## EXERCISE OBJECTIVE
All pictures are to be omitted while the lines starting at the line with "This wonderful bungalow" and ending at the line with "Слайд 14Вавилоняне пользовались" in the material below are retyped exactly, both ends included.

## RECORDS SHOWN
○ ○ ○ ○ ○ ○ ○

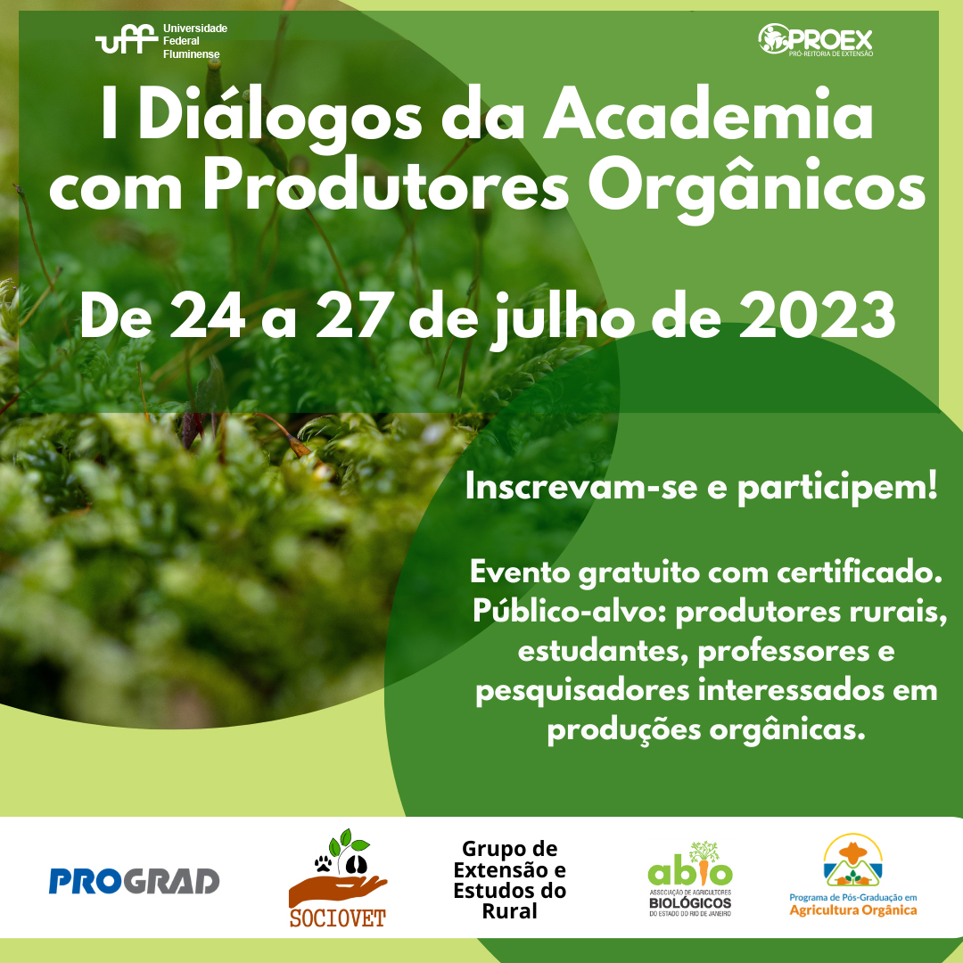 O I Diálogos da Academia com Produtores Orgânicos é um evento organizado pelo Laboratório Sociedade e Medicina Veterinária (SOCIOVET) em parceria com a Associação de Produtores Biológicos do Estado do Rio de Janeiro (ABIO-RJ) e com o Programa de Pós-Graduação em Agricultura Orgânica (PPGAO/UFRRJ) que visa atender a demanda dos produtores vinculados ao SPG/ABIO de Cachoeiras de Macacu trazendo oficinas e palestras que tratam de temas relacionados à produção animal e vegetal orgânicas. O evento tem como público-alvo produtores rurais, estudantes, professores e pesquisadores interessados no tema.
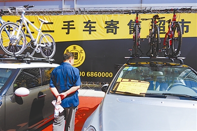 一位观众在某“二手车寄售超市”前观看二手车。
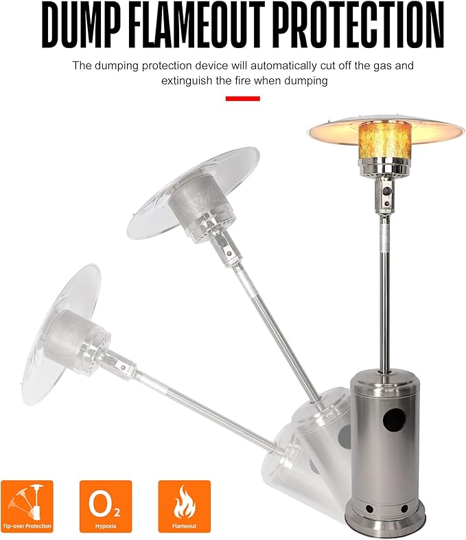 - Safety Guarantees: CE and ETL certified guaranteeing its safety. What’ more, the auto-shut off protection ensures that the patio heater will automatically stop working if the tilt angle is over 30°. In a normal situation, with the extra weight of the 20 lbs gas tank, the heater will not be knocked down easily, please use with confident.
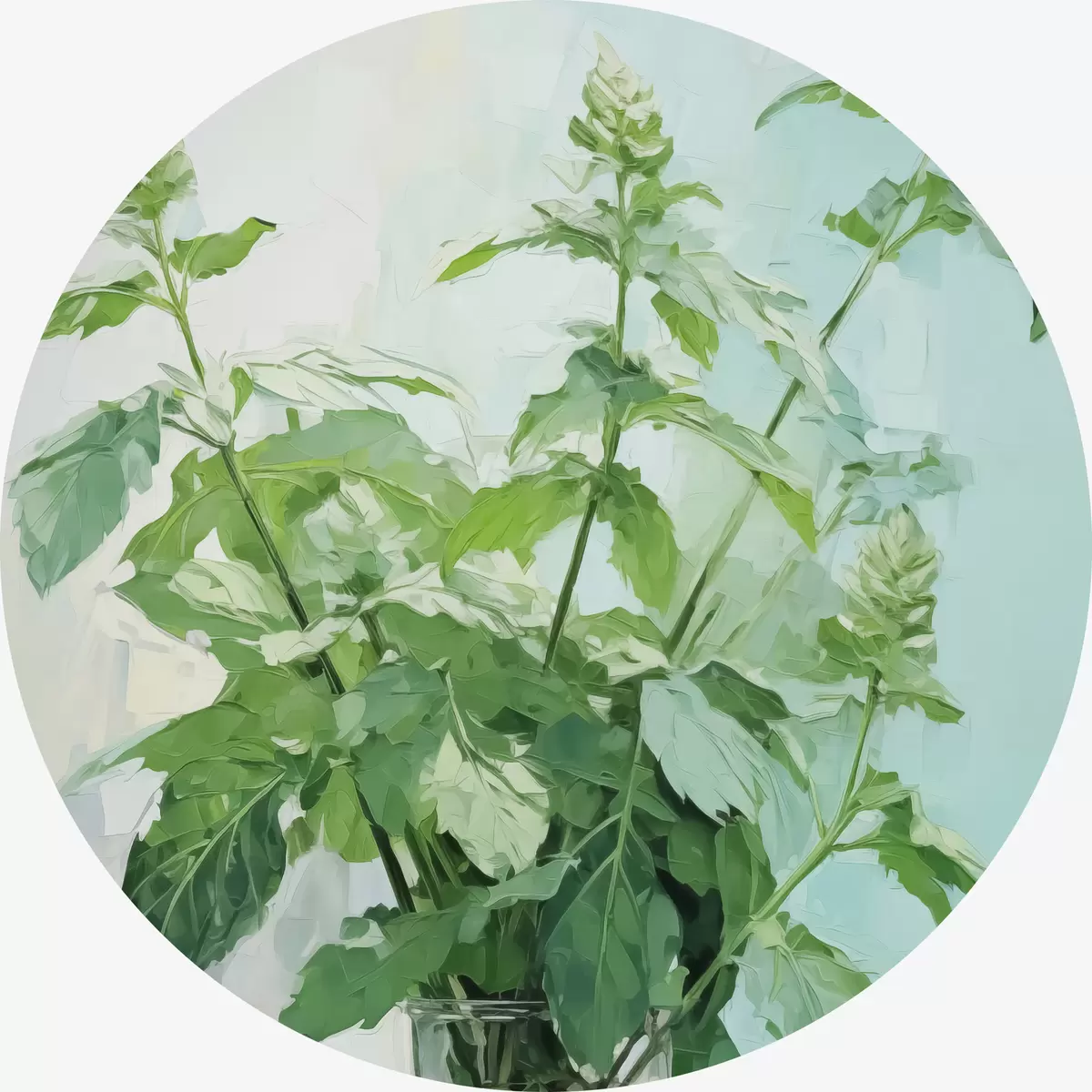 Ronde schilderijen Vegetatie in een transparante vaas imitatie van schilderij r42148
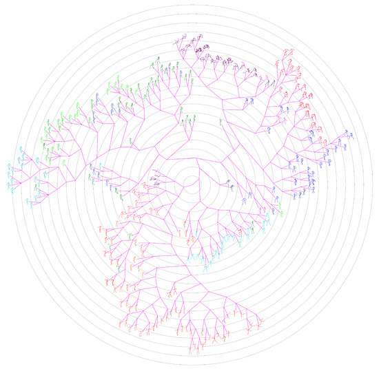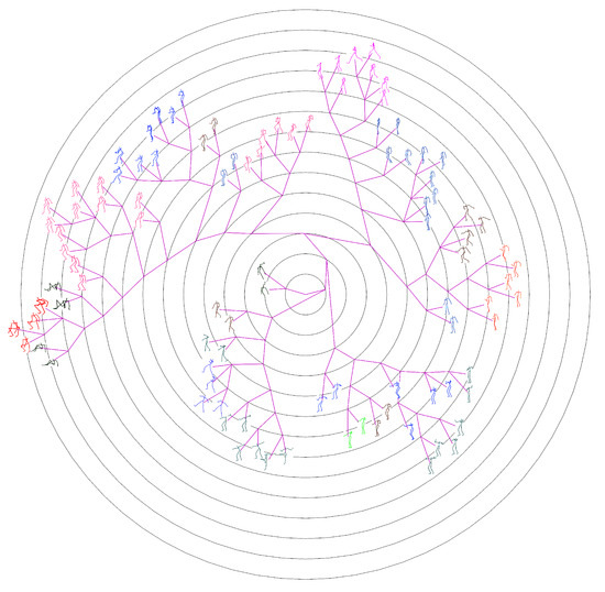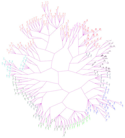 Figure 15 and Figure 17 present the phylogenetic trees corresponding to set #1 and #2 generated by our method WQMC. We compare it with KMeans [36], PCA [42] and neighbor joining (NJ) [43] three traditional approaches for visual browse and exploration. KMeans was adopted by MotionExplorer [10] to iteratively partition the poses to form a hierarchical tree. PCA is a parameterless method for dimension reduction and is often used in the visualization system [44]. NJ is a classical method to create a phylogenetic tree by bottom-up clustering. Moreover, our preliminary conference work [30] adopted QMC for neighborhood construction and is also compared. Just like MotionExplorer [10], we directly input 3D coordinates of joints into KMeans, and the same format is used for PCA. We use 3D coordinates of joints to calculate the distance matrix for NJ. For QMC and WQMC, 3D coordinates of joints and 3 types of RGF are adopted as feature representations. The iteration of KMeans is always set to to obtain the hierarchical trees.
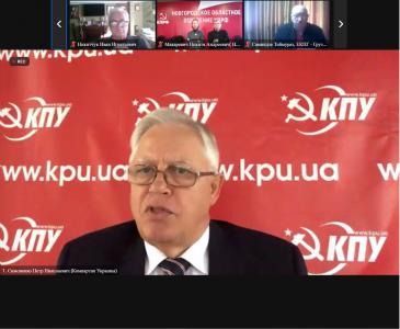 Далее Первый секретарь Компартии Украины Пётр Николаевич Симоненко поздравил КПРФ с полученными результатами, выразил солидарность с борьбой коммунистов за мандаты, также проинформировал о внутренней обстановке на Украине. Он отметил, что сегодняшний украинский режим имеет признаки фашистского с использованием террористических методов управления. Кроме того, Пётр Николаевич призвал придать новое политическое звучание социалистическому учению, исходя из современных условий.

○ ○ ○ ○ ○ ○ ○

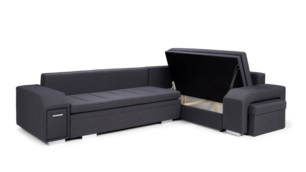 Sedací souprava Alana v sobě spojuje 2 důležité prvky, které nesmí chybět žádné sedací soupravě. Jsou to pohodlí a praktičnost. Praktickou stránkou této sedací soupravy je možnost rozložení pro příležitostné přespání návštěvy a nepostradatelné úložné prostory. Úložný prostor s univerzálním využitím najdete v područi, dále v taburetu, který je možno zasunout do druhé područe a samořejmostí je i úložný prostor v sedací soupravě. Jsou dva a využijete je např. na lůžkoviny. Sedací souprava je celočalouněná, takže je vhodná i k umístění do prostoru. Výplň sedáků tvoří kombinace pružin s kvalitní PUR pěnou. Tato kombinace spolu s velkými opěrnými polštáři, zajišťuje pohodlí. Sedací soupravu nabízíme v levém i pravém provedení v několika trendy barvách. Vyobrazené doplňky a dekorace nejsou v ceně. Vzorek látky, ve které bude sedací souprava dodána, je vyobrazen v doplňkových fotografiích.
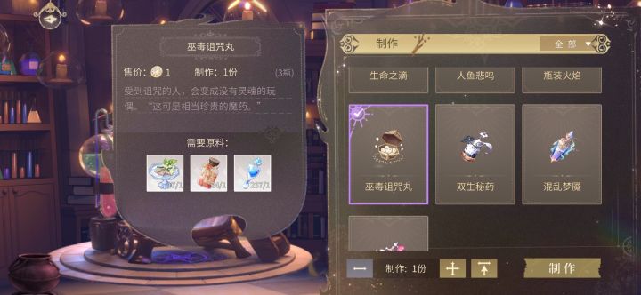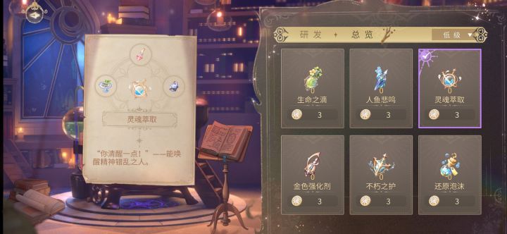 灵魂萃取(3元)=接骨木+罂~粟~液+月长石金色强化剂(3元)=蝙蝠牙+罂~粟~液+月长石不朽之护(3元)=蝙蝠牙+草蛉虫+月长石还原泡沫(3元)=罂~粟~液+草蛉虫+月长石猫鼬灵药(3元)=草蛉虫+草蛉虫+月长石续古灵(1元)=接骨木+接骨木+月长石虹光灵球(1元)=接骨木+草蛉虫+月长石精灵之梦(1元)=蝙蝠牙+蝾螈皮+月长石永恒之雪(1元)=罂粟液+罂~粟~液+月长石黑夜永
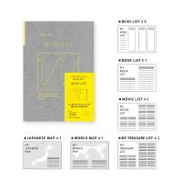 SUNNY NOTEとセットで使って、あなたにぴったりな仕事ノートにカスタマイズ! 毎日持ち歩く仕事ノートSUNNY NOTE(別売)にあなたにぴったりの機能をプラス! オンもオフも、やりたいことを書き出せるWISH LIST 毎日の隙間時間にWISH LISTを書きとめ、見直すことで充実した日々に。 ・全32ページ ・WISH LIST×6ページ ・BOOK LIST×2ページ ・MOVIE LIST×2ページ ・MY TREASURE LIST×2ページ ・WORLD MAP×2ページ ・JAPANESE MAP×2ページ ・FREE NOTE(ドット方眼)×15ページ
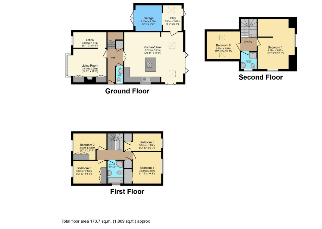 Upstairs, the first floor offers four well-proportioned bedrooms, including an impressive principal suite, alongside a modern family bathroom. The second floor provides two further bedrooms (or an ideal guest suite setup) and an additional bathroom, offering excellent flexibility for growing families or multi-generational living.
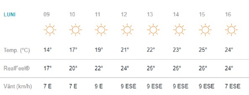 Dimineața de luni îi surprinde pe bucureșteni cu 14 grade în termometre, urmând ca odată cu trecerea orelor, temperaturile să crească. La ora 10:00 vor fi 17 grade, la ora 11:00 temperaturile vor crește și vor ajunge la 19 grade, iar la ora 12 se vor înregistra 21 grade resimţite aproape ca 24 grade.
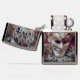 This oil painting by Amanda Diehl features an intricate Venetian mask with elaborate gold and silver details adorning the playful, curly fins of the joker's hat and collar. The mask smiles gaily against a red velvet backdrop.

○ ○ ○ ○ ○ ○ ○

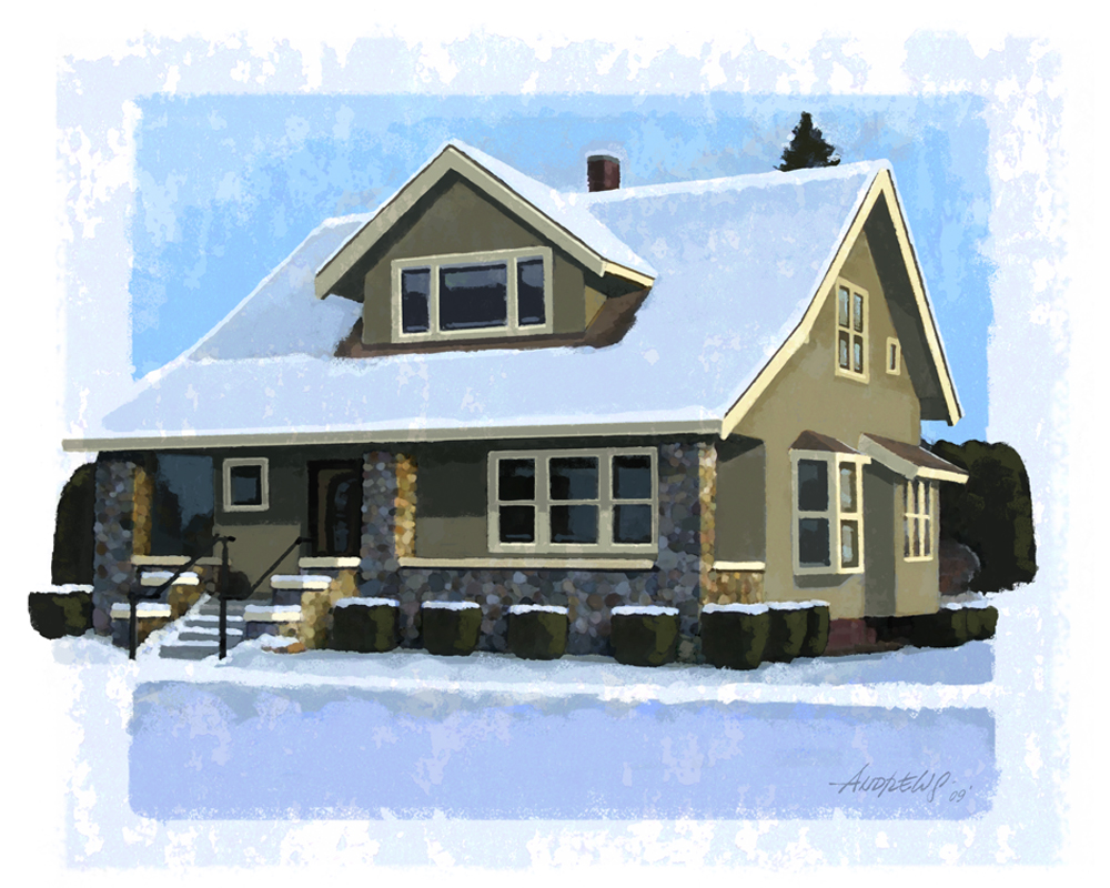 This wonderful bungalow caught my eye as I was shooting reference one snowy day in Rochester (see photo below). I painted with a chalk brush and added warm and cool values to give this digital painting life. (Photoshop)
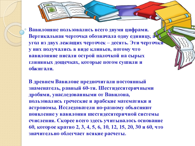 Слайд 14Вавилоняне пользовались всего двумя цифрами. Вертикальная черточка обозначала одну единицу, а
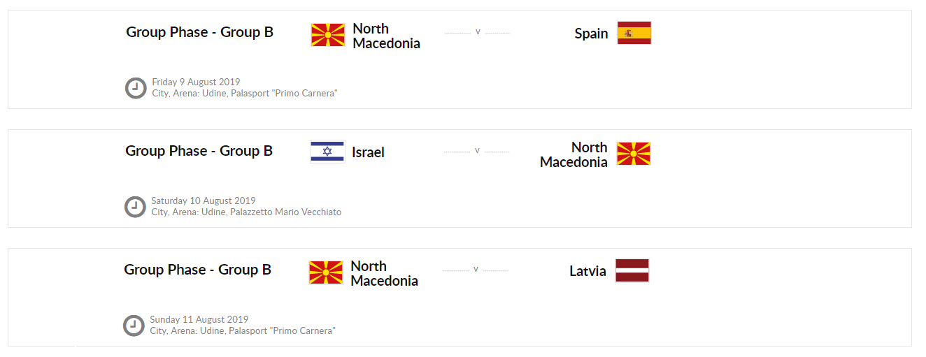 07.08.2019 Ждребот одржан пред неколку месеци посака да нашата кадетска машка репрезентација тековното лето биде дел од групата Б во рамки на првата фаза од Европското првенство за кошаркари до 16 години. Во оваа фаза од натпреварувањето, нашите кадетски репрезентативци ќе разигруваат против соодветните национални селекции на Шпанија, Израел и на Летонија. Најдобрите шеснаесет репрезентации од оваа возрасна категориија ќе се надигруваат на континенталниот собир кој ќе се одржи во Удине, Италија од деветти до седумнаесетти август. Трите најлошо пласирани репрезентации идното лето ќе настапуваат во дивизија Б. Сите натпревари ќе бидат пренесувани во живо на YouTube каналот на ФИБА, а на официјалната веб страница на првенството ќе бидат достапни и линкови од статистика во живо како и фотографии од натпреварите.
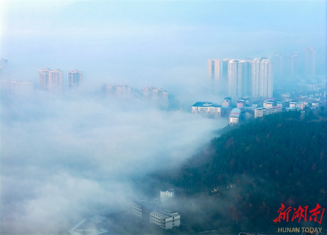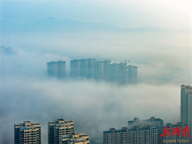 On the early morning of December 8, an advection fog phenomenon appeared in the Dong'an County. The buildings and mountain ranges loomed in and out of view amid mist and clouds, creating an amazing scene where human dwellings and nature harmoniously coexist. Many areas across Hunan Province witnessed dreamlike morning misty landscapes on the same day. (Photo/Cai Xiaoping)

○ ○ ○ ○ ○ ○ ○

## RESPONSE TO THE TASK
 This wonderful bungalow caught my eye as I was shooting reference one snowy day in Rochester (see photo below). I painted with a chalk brush and added warm and cool values to give this digital painting life. (Photoshop)
 Слайд 14Вавилоняне пользовались всего двумя цифрами. Вертикальная черточка обозначала одну единицу, а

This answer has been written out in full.